Monomorphic epitheliotropic intestinal T-cell lymphoma involving the central nervous system

Yasushi Kubota and Kana Kusaba

A 41-year-old man presented with a 1-month history of diarrhea and new-onset abdominal pain. Abdominal computed tomography revealed an extramural tumor of the small intestine with a diameter of 5 cm and perforation. Histopathologic examination of the tumor revealed intestinal mucosa that was diffusely infiltrated by monomorphic, medium-size lymphocytes with epitheliotropism (panels A-B; hematoxylin and eosin stain, original magnification ×100 [A], ×600 [B]). The immunophenotype was CD3+/CD4/CD8+/CD56+ (panels C-F; original magnification ×400) and Epstein-Barr virus-encoded RNA in situ hybridization–negative. Monomorphic epitheliotropic intestinal T-cell lymphoma (MEITL) was diagnosed. Cyclophosphamide, doxorubicin, vincristine, and prednisone (CHOP) and 3 cycles of ifosfamide, carboplatin, and etoposide (ICE) chemotherapy resulted in complete remission (CR). However, the patient developed right facial paralysis after ICE chemotherapy. Disseminated hyperintense lesions were identified by fluid-attenuated inversion recovery magnetic resonance imaging of the brain (indicated by arrows in panels G and H). A cytospin preparation derived from cerebrospinal fluid revealed numerous medium-size atypical cells with large irregular nuclei (panel I; Giemsa stain, original magnification ×400). Flow cytometry showed that the cells were CD3+/CD4/CD8+/CD56+/TCRγδ+ (panel J). The patient received repeated intrathecal chemotherapy and high-dose chemotherapy followed by autologous peripheral blood stem cell transplantation and achieved CR once again.

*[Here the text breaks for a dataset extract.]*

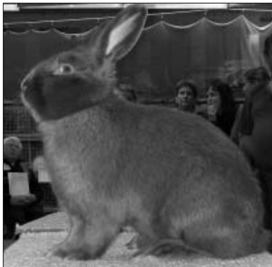
En kan vel si at det ikke var noe å utsette på Kai Tvetens Blå Wiener under BiS-uttaket - det var små marginer med en jevn finale

Blå Wiener: 12 dyr fra 2 utstillere, hvor Kai Tveten har 8 fantastiske dyr og hvor Kai får denne serie: 1 i 96, 3 i 95 og 4 i 94,5 poeng, og det blir 1,2 med 286 p. Nok en gang er dermed Kai med å kjempe i toppen, og det blir sølvmedalje. Rasens gjennomsnittspoeng blir 94,38.

The optimal management of MEITL remains undetermined and the role of central nervous system prophylaxis in peripheral T-cell lymphoma remains controversial. Recent studies of patients with MEITL have uncovered SETD2 inactivation, which correlates with defective H3K36me3. The finding that WEE1 inhibition selectively targets H3K36me3-deficient cancer cells might provide a promising therapeutic option for MEITL.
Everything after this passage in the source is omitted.